It was a nostalgic look back on the past, what used
to
be. For some Americans. It’s a nostalgic look back today, too,
for some Americans. Things aren’t the way they used to be, for
sure. But, then, it all depends on the demographics. Which boxes do
you check off on inquiring applications. Old categories from the era
of slavery in the US still matter. No need to look back to the past.
In that sense, for all of America’s technological advancement,
very little has been transformed it’s mindset when it comes to
race and the continue violence of injustice and police brutality.
In
the film, used-to-be “protesters,” graduates from the
University of Michigan’s campus at Ann Arbor come together
again to attend the funeral of an old college friend who committed
suicide in the home of Harold and Sarah Cooper. The Coopers, played
by Kevin Kline and Glenn Close, have a winter home.

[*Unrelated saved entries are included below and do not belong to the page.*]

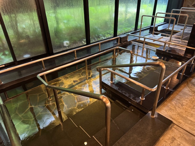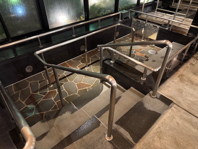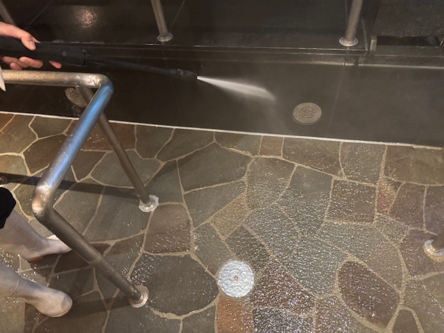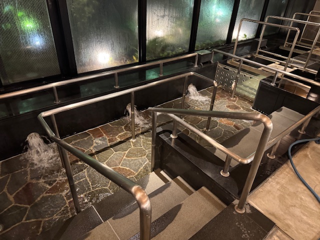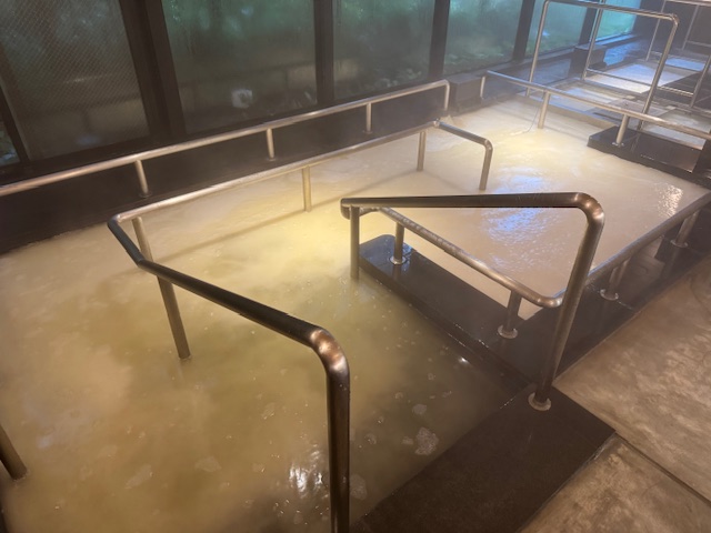 今回洗浄するのは、高級感溢れる有料老人ホーム様の大浴場です。露天の景色を眺めながら、岩風呂のような浴槽で癒されておられる様子が伝わってきます(^^) 奥には、車いすのまま入浴できる「リフト浴」が2基も設置されており、要介護度の高い方でも入浴が愉しめるように工夫されておられます(^^) それでは、早速「見えない汚れ」の洗浄作業に取り掛かります(^^)v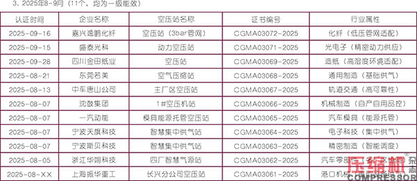 中国通用机械工业协会(CGMIA)发布的压缩空气站认证公示数据显示,2025年8月-2026年1月共公示27个认证案例,其中一级能效22个、领先型5个,覆盖12个省份/直辖市,工业密集区(长三角、珠三角)占比超60%。这为我们分析未来空压机站的发展趋势提供了重要依据。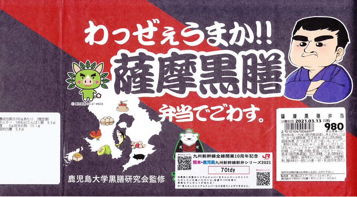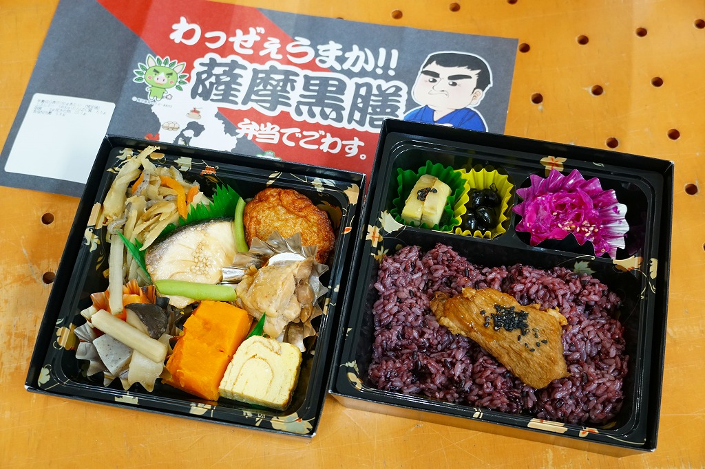 正方形の容器は二段重ね。上段が御飯で、黒米混じりの御飯に黒豚角煮の小片を載せて、黒豆やレッドキャベツ酢の物やサツマイモを添える。下段がおかずで、さつま鶏照煮、かんぱち照焼、さつまあげ、きんぴらごぼう、こんにゃくやしいたけなどの煮物、かぼちゃ、玉子焼など。会が定める黒膳条件に則って、黒を特徴とする鹿児島の食材と、ポリフェノール豊富な黒野菜を組み合わせた。分量の多い惣菜弁当。調製元は鹿児島市内のスーパーマーケットチェーン。価格は2021年の購入時で980円、2023年10月のJR九州の駅弁キャンペーン「第14回九州駅弁グランプリ」エントリー時で、鹿児島中央駅では1,100円、博多駅では1,300円。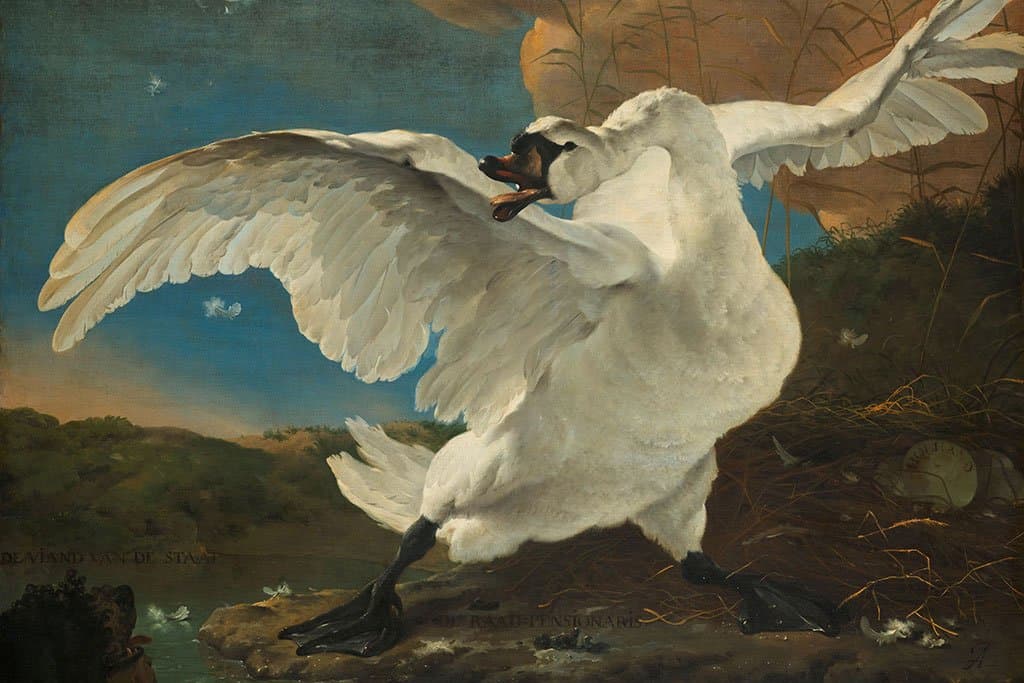 Het schilderij werd in latere eeuwen politiek geïnterpreteerd: de witte zwaan werd het beeld voor de in 1672 vermoorde staatsman Johan de Witt, die het land verdedigde tegen zijn vijanden en dit met zijn leven moest bekopen.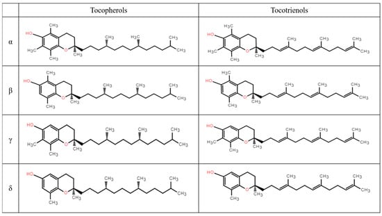 - Kamal-Eldin, A.; Appelqvist, L.A. The chemistry and antioxidant properties of tocopherols and tocotrienols. Lipids 1996, 31, 671–701. [Google Scholar] [CrossRef]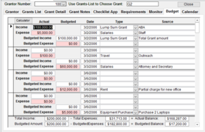 8. Budget – A budget for a Grant consists of two things: how you plan on spending the money and how you actually spent it. This page allows you to enter slips that track both of these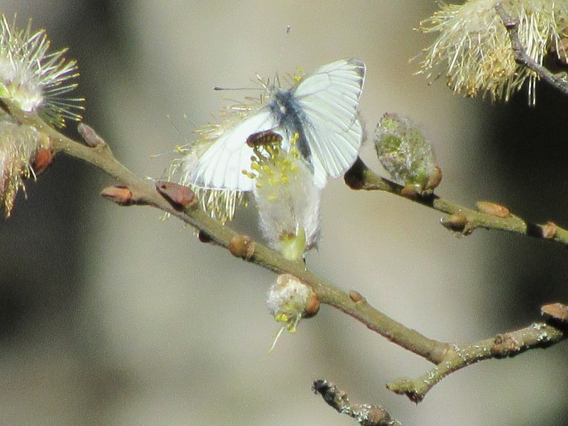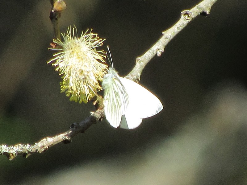 Førstnævnte sted profiterede Dagpåfugleøjer og Grønåret Kålsommerfugl af Pil. Der er simpelthen ikke så mange andre fødekilder derude nu.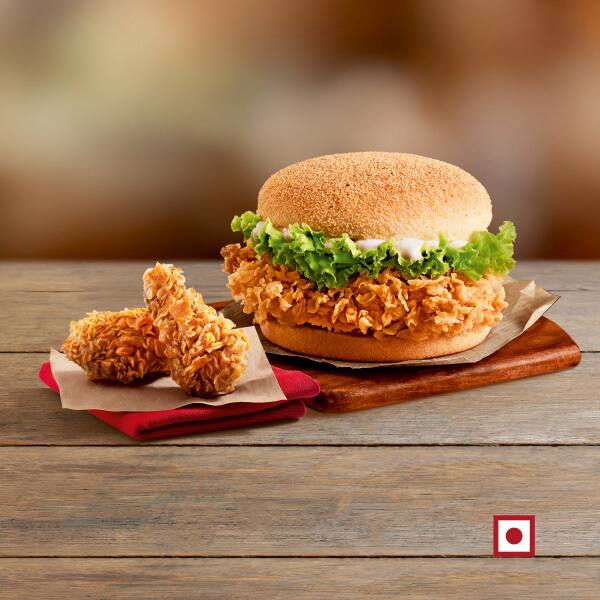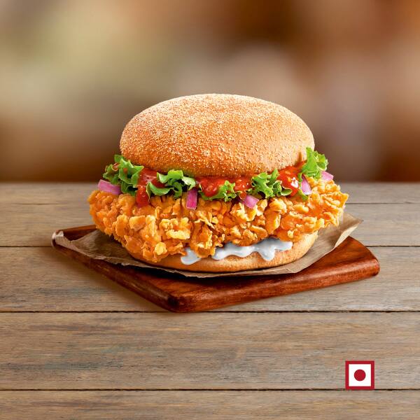 Colonel's signature Zinger chicken, an extra crispy fillet packed in a soft corn bun with lettuce & mayo!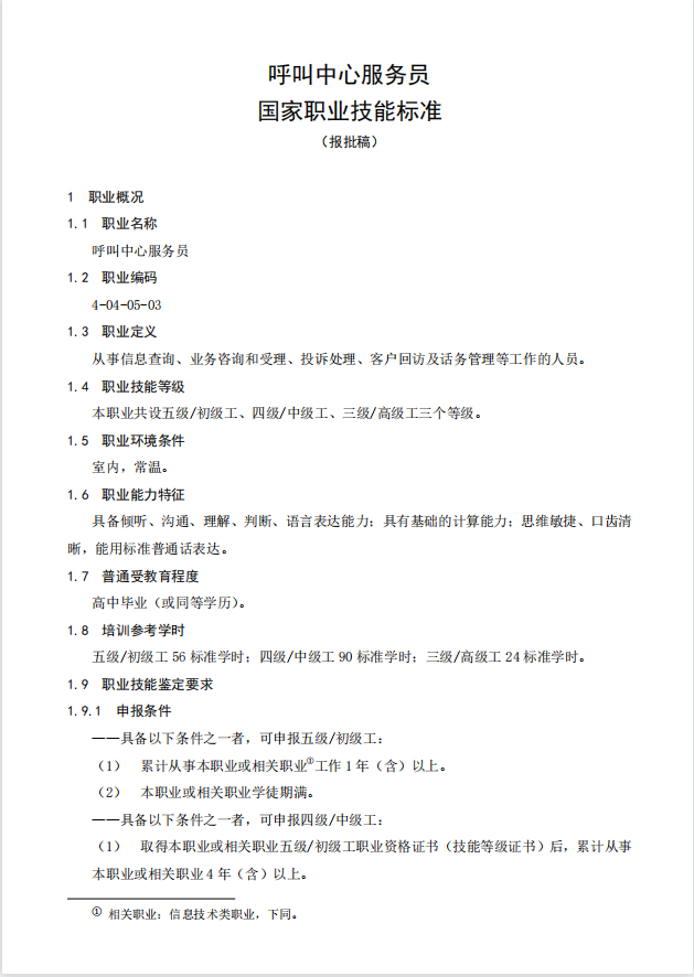 根据《中华人民共和国劳动法》有关规定,人力资源社会保障部、工业和信息化部共同制定了呼叫中心服务员等6个国家职业技能标准,于2021年10月21日发布【人社厅发〔2021〕81号】文颁布施行。原相应国家职业技能标准同时废止。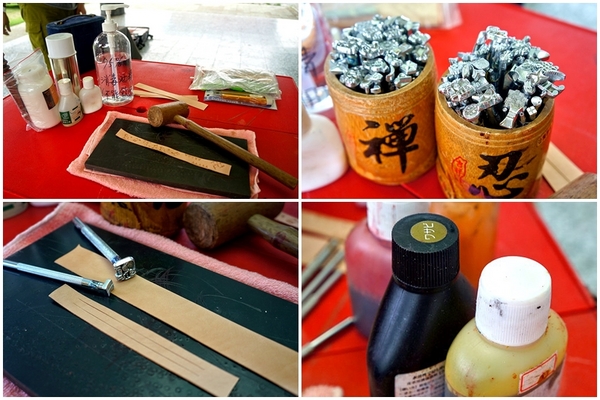 需要的工具除了墊板、槌子外,還有等下需要打上圖案的印模、上色的色料及完工後的乳液等等。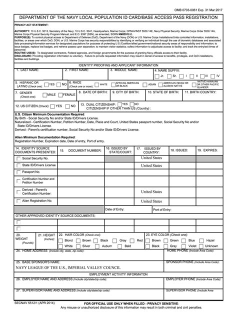 Secnav Form 5512. Department of the navy local population id card/base access pass registration.

The one the film’s viewers are privy to see isn’t it!
It’s
obvious by the largess of the house that the Coopers have done well
for themselves, at least according to the standards of the bourgeois
playbook in the 1980s. Harold is a business man who can retire early
and Sarah is a medical doctor. There’s a Tom Selleck-type
Magnum, P.I. television star, Sam Weber, played by Tom Berenger and
real estate lawyer, Meg Jones, played by Mary Kay Place, who used to
work in the “slums” when she thought she would be working
on behalf of Huey and Bobby. JoBeth Williams plays Karen Bowens, a
mother and housewife to a man who makes enough to provide her
children, as she always wished. Chloe, played by Meg Tilly, shared a
little cabin off from the house with the dead boyfriend, and Jeff
Goldblum, Michael Gold, a journalist with People magazine, is looking
for investors to help him open a nightclub like “Elaine’s”
only better.
William
Hurt’s character, a damaged Vietnam vet, Nick Carlton, on the
other hand, is another matter. He dropped out from a career as a
psychologist with a radio talk show.
While
most of the gang is inside preparing to watch the Wolverines on
television in the Cooper’s den, they hear a commotion outside,
and, of course, it’s Nick coming back to the house, escorting
by a police car. After an exchange of words, and a sad bit where the
officer, willing “to forget the whole thing,” challenges
Sam, a “hunk” of a man, to jump into Nick’s open
Porsche 911 convertible, just like J. T. Lancer, Sam’s
television character.
It
doesn’t go very well.
But
finally all is well, and Harold thanks the police. The policeman
drives off and the friends return to the house.
Harold
is just ahead of Nick.
“Since
when did you get so friendly with the police?”
Nick
repeats his question, and Harold turns to face him. He’s angry.
“...[T]hat
cop has twice kept this house from being ripped off. Happens to be a
hell of a guy.”
I
live here! I live here! I’m dug in!
He
doesn’t need someone like Nick, with his adversary relationship
with the police. And life in general.
Down
a private road, behind a gate, among the beautiful Bodacious and
Angel Oak trees, life is good for the Coopers in South Carolina. And
the police help protect that good life.
Urban
Renewal swept through the US, removing Black people from urban
settings, from homes, from apartments in HUD and non-HUD
housing—disconnecting Blacks from their small businesses,
children from their schools. And while these homes, apartments,
neighborhood of small business owners, and schools were severely
neglected by absentee landlords, including HUD, and government
agencies that should have cared to for upkeep of streets, the
residents still fought to remain in place.
But
someone channeled Nazi Germany because there’s always a
history, a trace. It wasn’t the furniture or the personal items
or the gold. It was the land. Whole swathes of real estate—no
longer protected for the current occupants.
Once
the Black Americans were removed, whites could return to the cities,
to high-rise apartments with electronic access only and 24-hour
guards. And gates. And police protection.
And
I have to say it because it has to be said again: the Black
bourgeoisie cashed in too. In a position to speak out on behalf of
the whole of the Black community, the Black bourgeoisie chose to look
out for Self and family. They waved the white flag of surrender and
wore the Kente cloth and practiced a brand of pseudoAfrican
nationalism that tooted
their “achievement” as having arrived too in solidarity
with systemic racism. Offering no challenge to the capitalists or to
the ideology of white supremacy, the bourgeoisie in the bronze cages
allowed white America to believe it had nothing to feel guilty about.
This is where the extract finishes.